Targeted Metabolomics of Organophosphate Pesticides and Chemical Warfare Nerve Agent Simulants Using High- and Low-Dose Exposure in Human Liver Microsomes
Round 1
Reviewer 1 Report
This manuscript is an intriguing piece of work that explores the metabolism of 56 organophosphorus pesticides and chemical warfare nerve agent simulants under two different dose regimens in human liver microsomes. Although this is preliminary data, I found the paper as another step to reduce newly emerging OP threats. I would like to offer the following comments for the authors' consideration:
1. With regard to the dose regimens, what was the rationale behind using 5mM as a high dose? Some of the OPs had low or no solubility at 5 mM and may not reach such a high concentration in vivo.
2. To determine the metabolism rate of OPs, the authors used LC-MS/MS for low dose regiment and NMR for high dose regiment, respectively. Have the authors compared the accuracy and precision of the two methods?
3. Can the authors provide more details on the parameters used for recording NMR spectra?
4. In this study, 1H-, 31P- and 19F-NMR data were collected. But only 31P-NMR data were presented in the paper.
5. What was the incubation volume and incubation time for the high dose studies?

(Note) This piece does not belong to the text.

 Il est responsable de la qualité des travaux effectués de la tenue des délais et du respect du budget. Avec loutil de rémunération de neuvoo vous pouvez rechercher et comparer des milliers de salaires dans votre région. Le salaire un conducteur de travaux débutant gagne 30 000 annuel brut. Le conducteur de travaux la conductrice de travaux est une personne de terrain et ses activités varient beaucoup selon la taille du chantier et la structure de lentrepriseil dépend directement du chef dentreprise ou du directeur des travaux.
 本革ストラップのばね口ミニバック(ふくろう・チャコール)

6. Is 20.04 µL/min/mg at line 235 a typographical error?
Author Response
Please see attachment.
Author Response File: 
Author Response.docx
Reviewer 2 Report
The authors described the metabolism of 56 diverse organophosphates by their clearance rates in human liver microsomes. Even though future studies are required to provide further understanding on the exact mechanisms of these organophosphates, this article provides a good fundamental for future research. The discussion is well written and the limitations of the studies is described in the conclusion.
Author Response
The authors thank the reviewer for their assessment of this manuscript. We definitely agree that this is just the first step. Our future work (provided we can secure additional funding) will be to follow up these studies with high resolution mass spectrometric studies using a semi-targeted and untargeted workflow to identify the metabolites that are being formed as well as incubation with recombinant CYP450s to determine which enzymes are responsible.
Reviewer 3 Report
The topic is very technical and specific, hence it will probably attract a limited number of readers. Still, I found it interesting. I also liked the use of human liver microsomes instead of any animal model.

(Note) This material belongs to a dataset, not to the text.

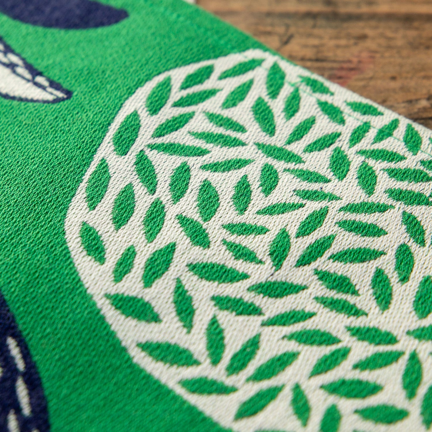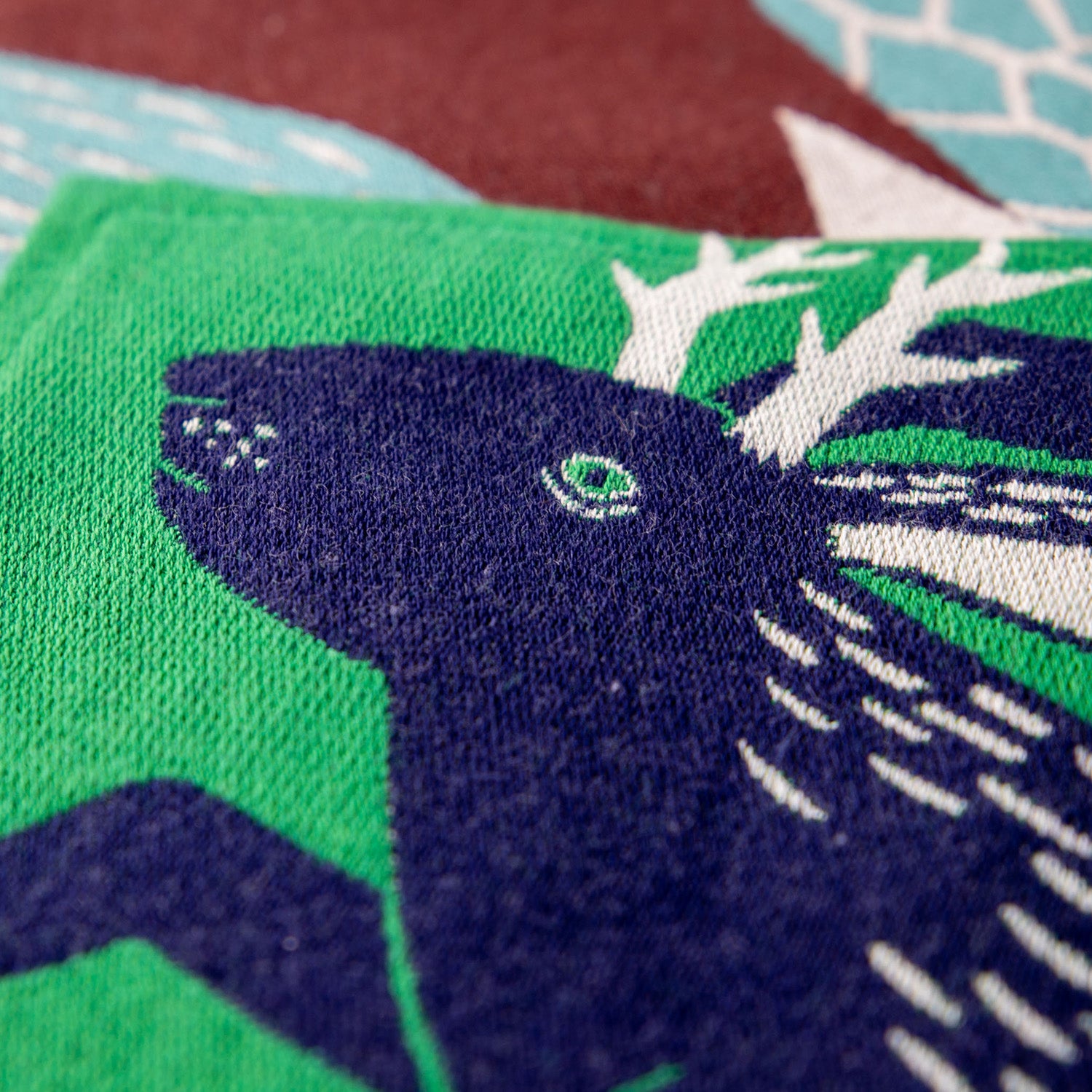ユニークなドウブツたちが軽やかに遊ぶ絵柄は織りで描かれ、ややしっかりした厚手の生地となっています。

Comments for author File: 
Comments.pdf
Author Response
The authors thank the reviewer for their comments and their detailed reading of the manuscript. We agree that this is a technical and specific topic, but hope that other readers will find the results interesting just as the reviewer did. We would also like to thank the reviewer for providing keen insight into strategies to increase the readership through additional keywords (which have been added to the revised version) as well as catching the omission of the publication date of one of the references (which has also been added to the revised version).
Reviewer 4 Report
The work of Agrawal and Al dealt with the identification of metabolites of phosphorus pesticides by low resolution LC-MS/MS and by NMR. the work is well presented and clearly targets the limitations of this study. the main shortcoming of this study lies in the fact that the identification of smetabolites is only made by low resolution and targeted mass spectrometry. it would have been profitable to use high resolution mass spectrometry to follow the metabolization of the compounds.
Author Response
The authors would like to thank the reviewer for the insightful comments. First, we would like to emphasize that the metabolite identifications included in this manuscript were made using the NMR data which provided the structural information required for appropriate identification. The only metabolite formation that we followed using the low resolution mass spectrometry was the formation of the oxones from the corresponding thiones in the cases where we had developed the methods for both. Nonetheless, the reviewer's thoughts are exactly in line with ours... The current manuscript that utilized a targeted approach was the beginning work where we determined the clearance rates for a large number of OPs. Our future plans (provided we can secure further funding) are to use high resolution mass spectrometry with semi-targeted and untargeted workflows to identify all of the metabolites formed during the metabolism of the OPs that demonstrated the fastest clearance rates.